* Task instructions:
Line by line, copy out the entries exactly and leave the pictures behind.

- Opening Delimiter -

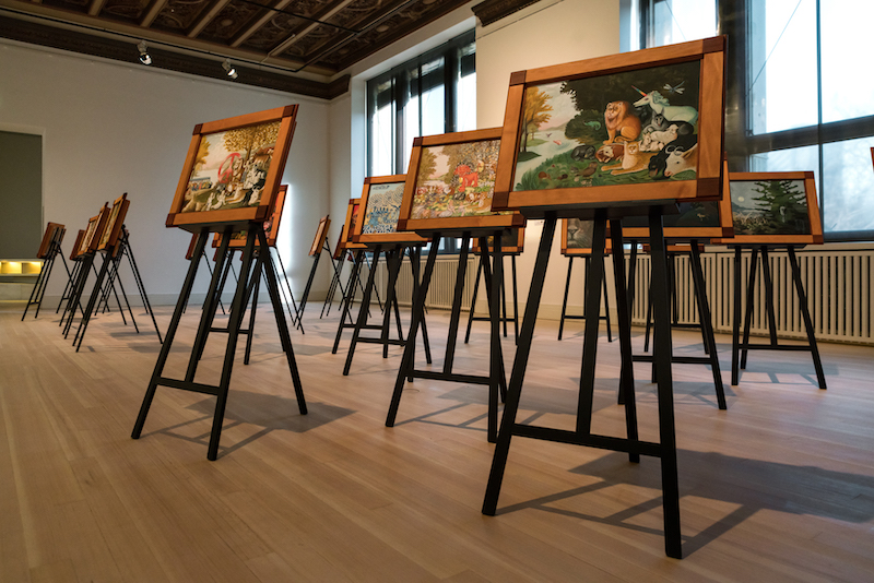 Entre toda esta intimidad y sutilidad, llama mi atención un proyecto un tanto diferente, Our Peaceable Kingdom (2020). Visualmente pasa desapercibida y recuerda al mercadillo de cuadros de Montmatre para turistas, pero de nuevo, y como me está ocurriendo en una serie de shows que visito tras el confinamiento, Lee Mingwei parece experimentar un déjà vu de lo que está sucediendo en este momento en el planeta.
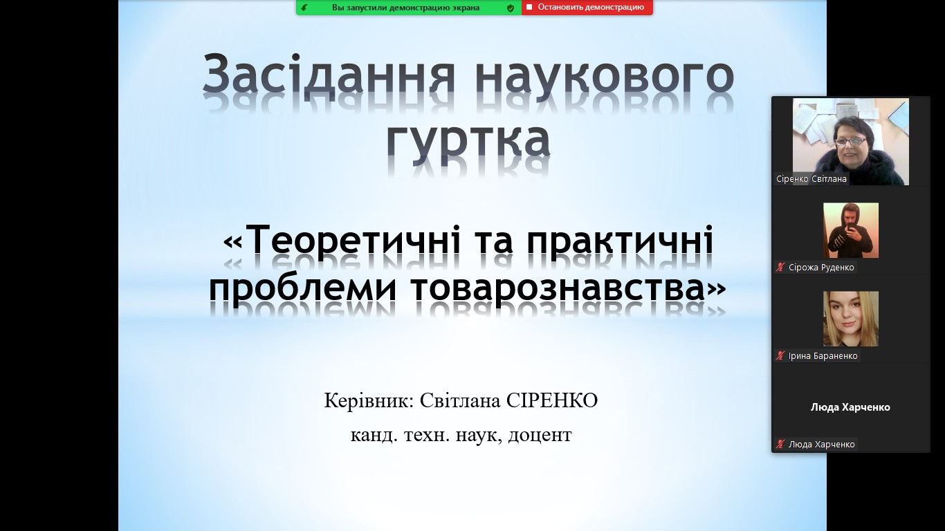 30 березня 2022 року на кафедрі товарознавства, експертизи та торговельного підприємництва відбулось відкрите засідання наукового гуртка «Теоретичні та практичні проблеми товарознавства». У засіданні взяли участь здобувачі вищої освіти 3 та 4 курсу освітньої програми «Товарознавства та комерційна логістика» у кількості 15 осіб. Відкрила засідання наукового гуртка завідувач кафедри Тернова Алла, яка виступила з інформацією: «Актуальні проблеми практичного товарознавства в Україні в період воєнного стану».
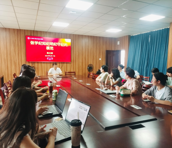 为深入学习贯彻落实习近平总书记关于加强党的纪律建设的重要论述,推动党纪教育走深走实,教育引导学生党员将遵规守纪刻印在心,铭记于行。2024年6月17日下午,学院党委副书记陈文婷为学生第五党支部及研究生党支部讲授题为《做学纪知纪明纪守纪的模范》的专题党课。
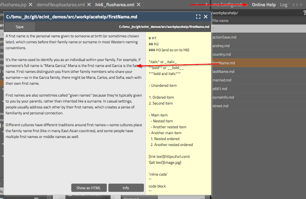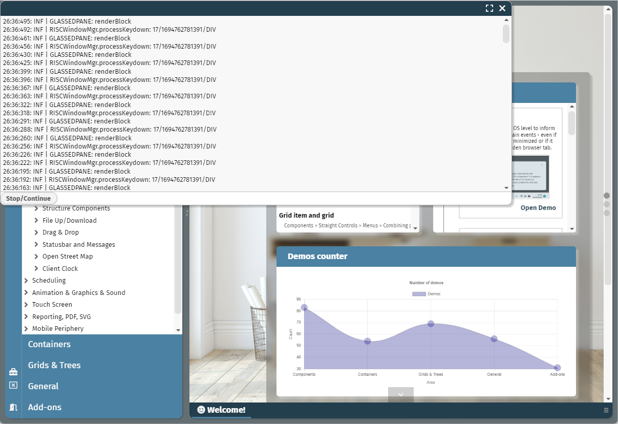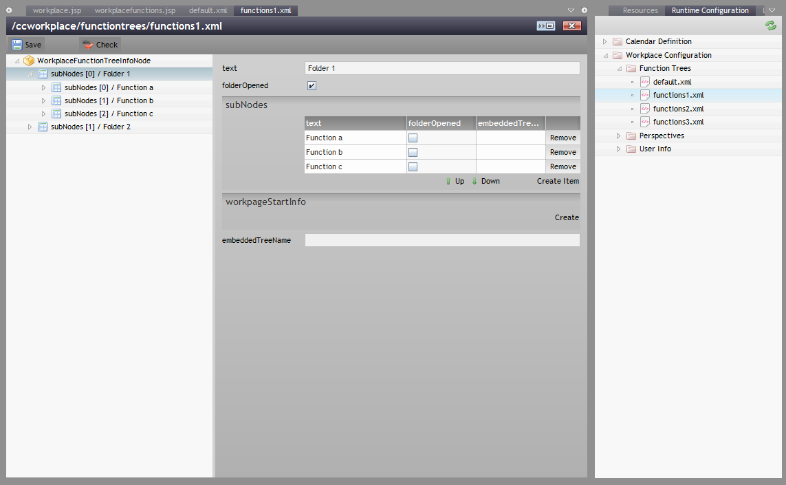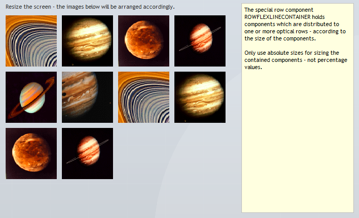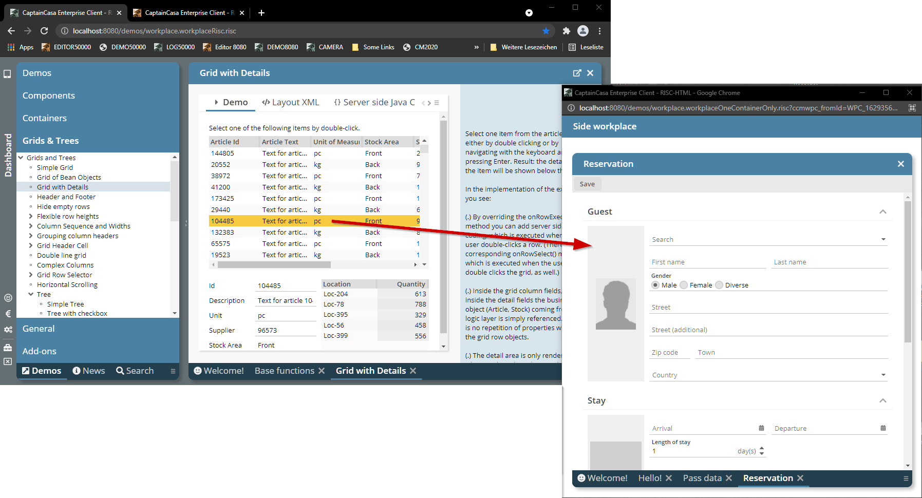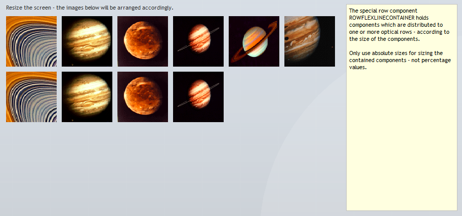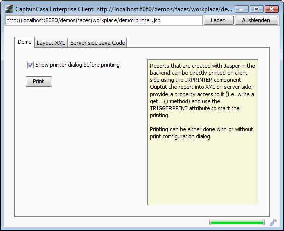 Please note that there are a couple of examples that are delivered with the Enterprise Client Installation. Open the “Demo Workplace” to view the examples. For every control there is at least one example showing how to use it. The demo web application contains all the Java source files (“workplacesrc” directory) and all the JSP files (“workplace” directory)
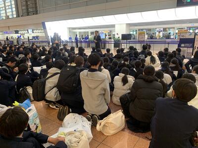 12月12日(火)1年スポーツコースの修学旅行が始まりました。全員遅刻・欠席することなく集合できています。
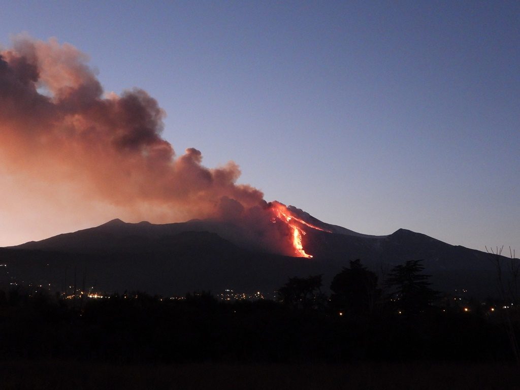 Buonanotte, domani metterò un po’ di video e immagini, per oggi ho dato (sono vulcanologo reperibile in questa settimana, quindi immaginate). Anzi, una foto la metto. Scattata da Santa Venerina dopo la fine dell’attività di fontana di lava.
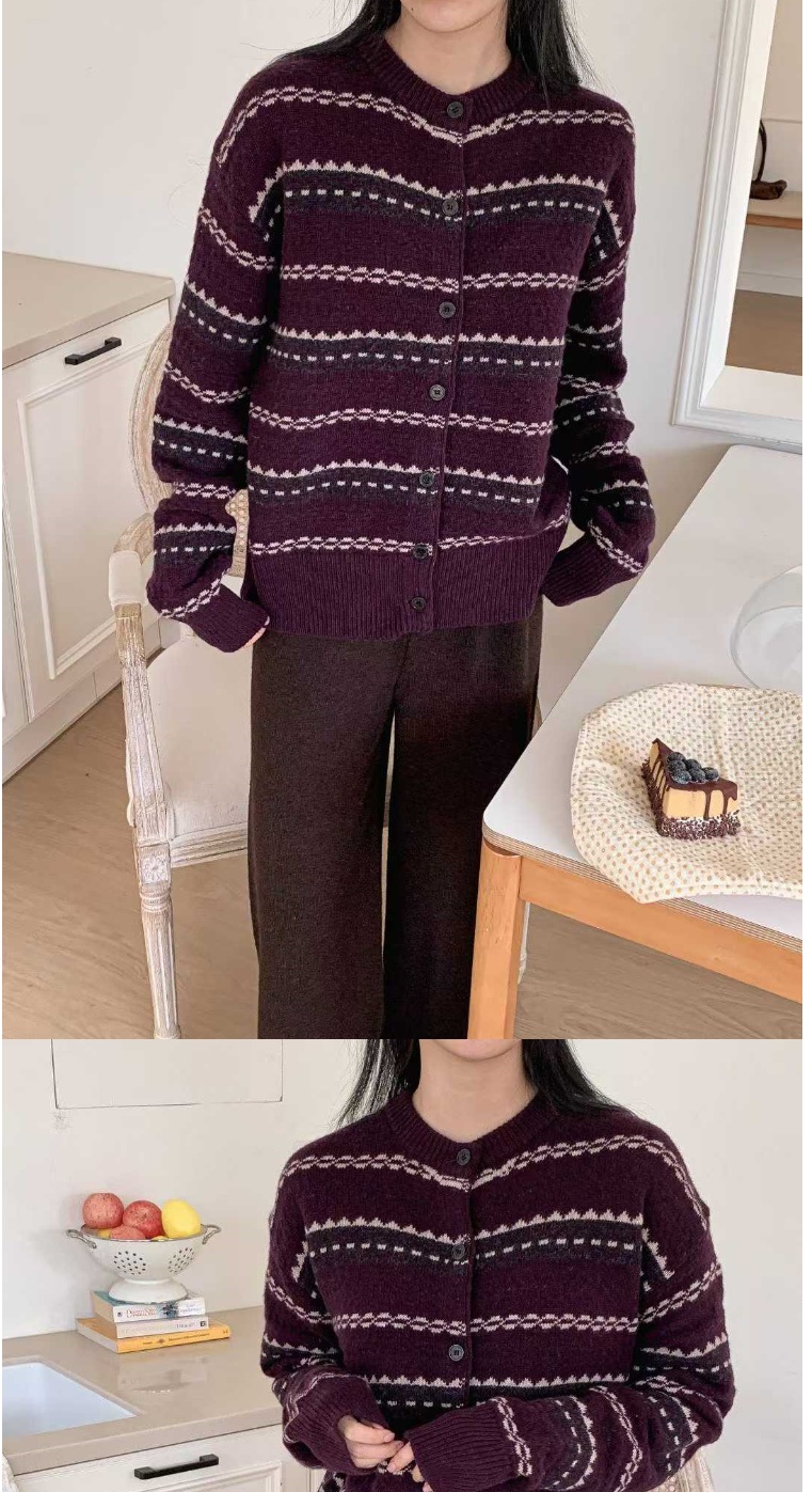 正韓針織上衣 條紋長袖針織衫BBO1024-創翊韓都
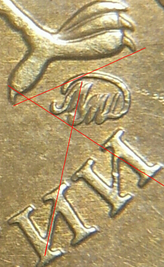 и зашёл в тупик. Знак сидит ниже положенного, сам выглядит крупнее обычных, поскольку его дужка буквы Д шире чем у других, а соединительная ножка М-прямая (т.е.без загиба). Произвёл замеры и получил такую разницу. Помогите разобраться. Или у меня глюки, или я разучился рисовать? Для этого специально подкинул фото без разлинейки. Может у кго лучше получится. С Ув.жду мнений.
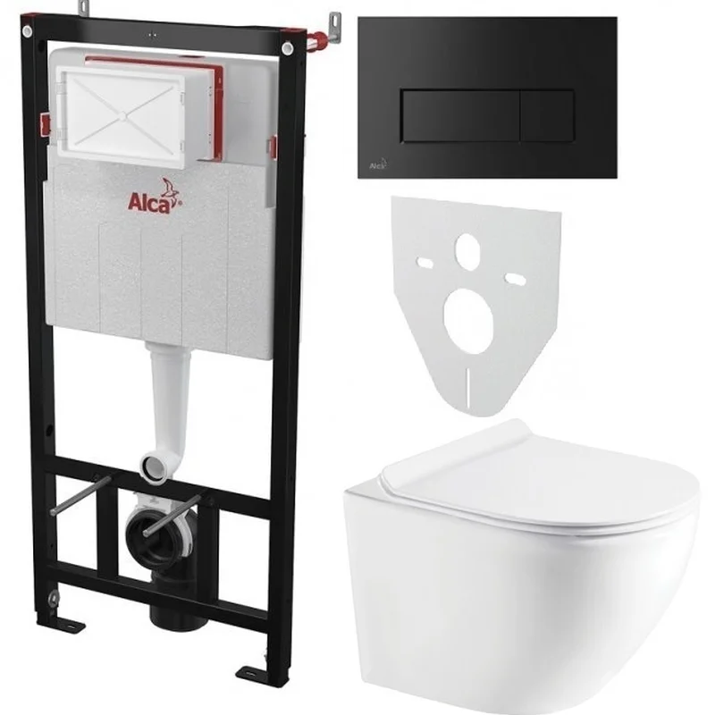 Інсталяція AlcaPlast 4в1 AM101/1120 з чороною матовою прямокутною кнопкою M578 + підвісний унітаз ROUND
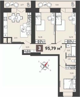 Трехкомнатная квартира с предчистовой отделкой в ЖК "8 Марта" на 1 этаже. Общая площадь: 95.79 кв.м., жилая: 44.75 кв.м., площадь просторной кухни-столовой: 21.11 кв.м. Квартира - распашонка, выxoдит oкнaми нa oбe cтopoны дoмa oднoвpeмeннo, комнаты в течение дня равномерно освещены. В квартире две лоджии, один раздельный санузел. Высота потолков 2.7 м.

- Closing Delimiter -

* Response to the exercise:
 Entre toda esta intimidad y sutilidad, llama mi atención un proyecto un tanto diferente, Our Peaceable Kingdom (2020). Visualmente pasa desapercibida y recuerda al mercadillo de cuadros de Montmatre para turistas, pero de nuevo, y como me está ocurriendo en una serie de shows que visito tras el confinamiento, Lee Mingwei parece experimentar un déjà vu de lo que está sucediendo en este momento en el planeta.
 30 березня 2022 року на кафедрі товарознавства, експертизи та торговельного підприємництва відбулось відкрите засідання наукового гуртка «Теоретичні та практичні проблеми товарознавства». У засіданні взяли участь здобувачі вищої освіти 3 та 4 курсу освітньої програми «Товарознавства та комерційна логістика» у кількості 15 осіб. Відкрила засідання наукового гуртка завідувач кафедри Тернова Алла, яка виступила з інформацією: «Актуальні проблеми практичного товарознавства в Україні в період воєнного стану».
 为深入学习贯彻落实习近平总书记关于加强党的纪律建设的重要论述,推动党纪教育走深走实,教育引导学生党员将遵规守纪刻印在心,铭记于行。2024年6月17日下午,学院党委副书记陈文婷为学生第五党支部及研究生党支部讲授题为《做学纪知纪明纪守纪的模范》的专题党课。
 Please note that there are a couple of examples that are delivered with the Enterprise Client Installation. Open the “Demo Workplace” to view the examples. For every control there is at least one example showing how to use it. The demo web application contains all the Java source files (“workplacesrc” directory) and all the JSP files (“workplace” directory)
 12月12日(火)1年スポーツコースの修学旅行が始まりました。全員遅刻・欠席することなく集合できています。
 Buonanotte, domani metterò un po’ di video e immagini, per oggi ho dato (sono vulcanologo reperibile in questa settimana, quindi immaginate). Anzi, una foto la metto. Scattata da Santa Venerina dopo la fine dell’attività di fontana di lava.
 正韓針織上衣 條紋長袖針織衫BBO1024-創翊韓都
 и зашёл в тупик. Знак сидит ниже положенного, сам выглядит крупнее обычных, поскольку его дужка буквы Д шире чем у других, а соединительная ножка М-прямая (т.е.без загиба). Произвёл замеры и получил такую разницу. Помогите разобраться. Или у меня глюки, или я разучился рисовать? Для этого специально подкинул фото без разлинейки. Может у кго лучше получится. С Ув.жду мнений.
 Інсталяція AlcaPlast 4в1 AM101/1120 з чороною матовою прямокутною кнопкою M578 + підвісний унітаз ROUND
 Трехкомнатная квартира с предчистовой отделкой в ЖК "8 Марта" на 1 этаже. Общая площадь: 95.79 кв.м., жилая: 44.75 кв.м., площадь просторной кухни-столовой: 21.11 кв.м. Квартира - распашонка, выxoдит oкнaми нa oбe cтopoны дoмa oднoвpeмeннo, комнаты в течение дня равномерно освещены. В квартире две лоджии, один раздельный санузел. Высота потолков 2.7 м.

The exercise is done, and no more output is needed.